Risk Total Scores Predicting Recidivism Outcomes Using Cox Regression Survival Curves for the Validation Sample
Note. 95% CI is for HR. SE = standard error; HR = hazards ratio; Risk × Time-Dep. = Risk total score interaction with time-dependent covariate.
Strength Total Scores Predicting Recidivism Outcomes Using Cox Regression Survival Curves for the Validation Sample
Note. 95% CI is for HR. SE = standard error; HR = hazards ratio; Strength × Time-Dep. = Strength total score interaction with time-dependent covariate.
When comparing the hazards ratio across the weighting methods to the original method, the logistic regression method consistently outperformed the other weighting methods. That is, with every one-point increase in the risk total score using the original weighting method resulted in a 1-2% increase in risk for recidivism across the events, for every one-point increase in the risk total score using the logistic regression method resulted in a 9-16% increase in risk for recidivism across the events. Comparatively, with every one-point increase in the strength total score using the original weighting methods resulted in a decrease of 1-4% in risk for recidivism across the events, compared with the strength total score using the logistic regression method resulted in a decrease of 8-29% in risk for recidivism across the events.
As examined in the calibration sample and given that the logistic regression was the most consistent in improvements of predictive accuracy and survival analyses, the logistic regression risk and strength total scores were categorized into three risk and strength groups (i.e., low, moderate, and high). As expected, the high risk groups had the shortest survival time until recidivism, however there was considerable between the survival times between the low and moderate risk groups. Youth with high strengths had the best survival with the low and moderate strengths groups having similar survival curves. See Figures S3 and S4 in the Supplemental Materia for the survival curves observed in the validation sample for risk and strength total scores, respectively.
Discussion
The purpose of this research study was to determine whether the predictive accuracy of the YASI could be improved by examining different weighting methods of risk and strength items. The results were mixed throughout the research study with respect to weighting methods performance. For instance, in the calibration and validation samples, the logistic regression model significantly improved predictive accuracy for risk total scores in predicting violent disposition over the original method.

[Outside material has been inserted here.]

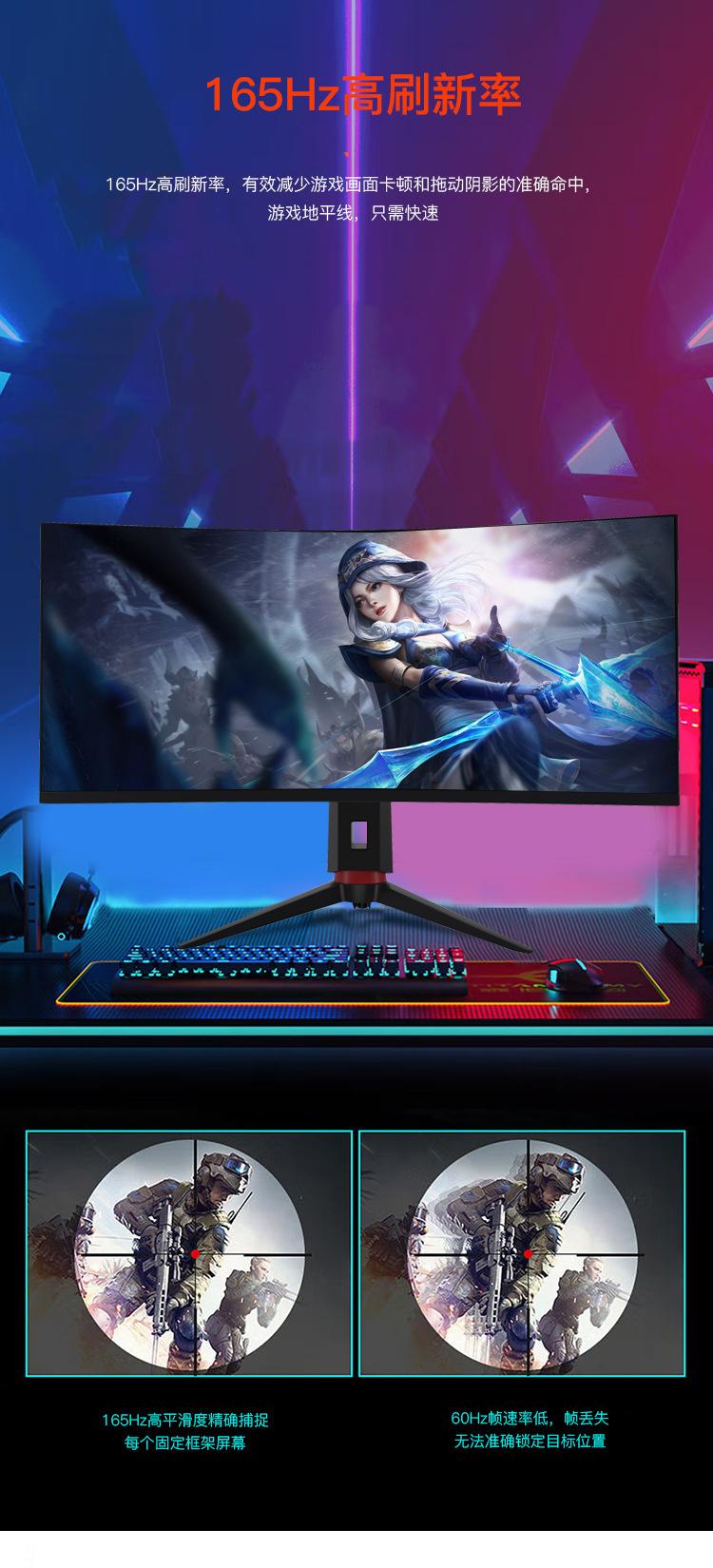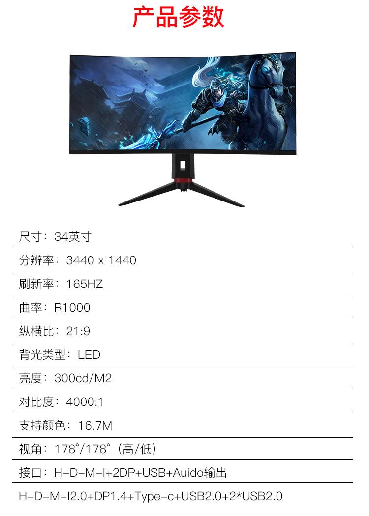 Compra Monitor HD para e-sports de 34 pulgadas Tasa de refresco de 165 Hz LCD Monitor de computadora de escritorio para el hogar Base elevable al por mayor en Joom.pro

That is, using the risk totals produced by the logistic regression model, in general, there were improvements from moderate effect sizes using the original weighting method to large effect size for the 3-year follow-up. For strength totals alternate weighting methods did not significantly improve predictive validity at the 3-year follow-up. Though there were noted improvements, there were many instances where the 95% confidence intervals did overlap, indicating a non-meaningful improvement.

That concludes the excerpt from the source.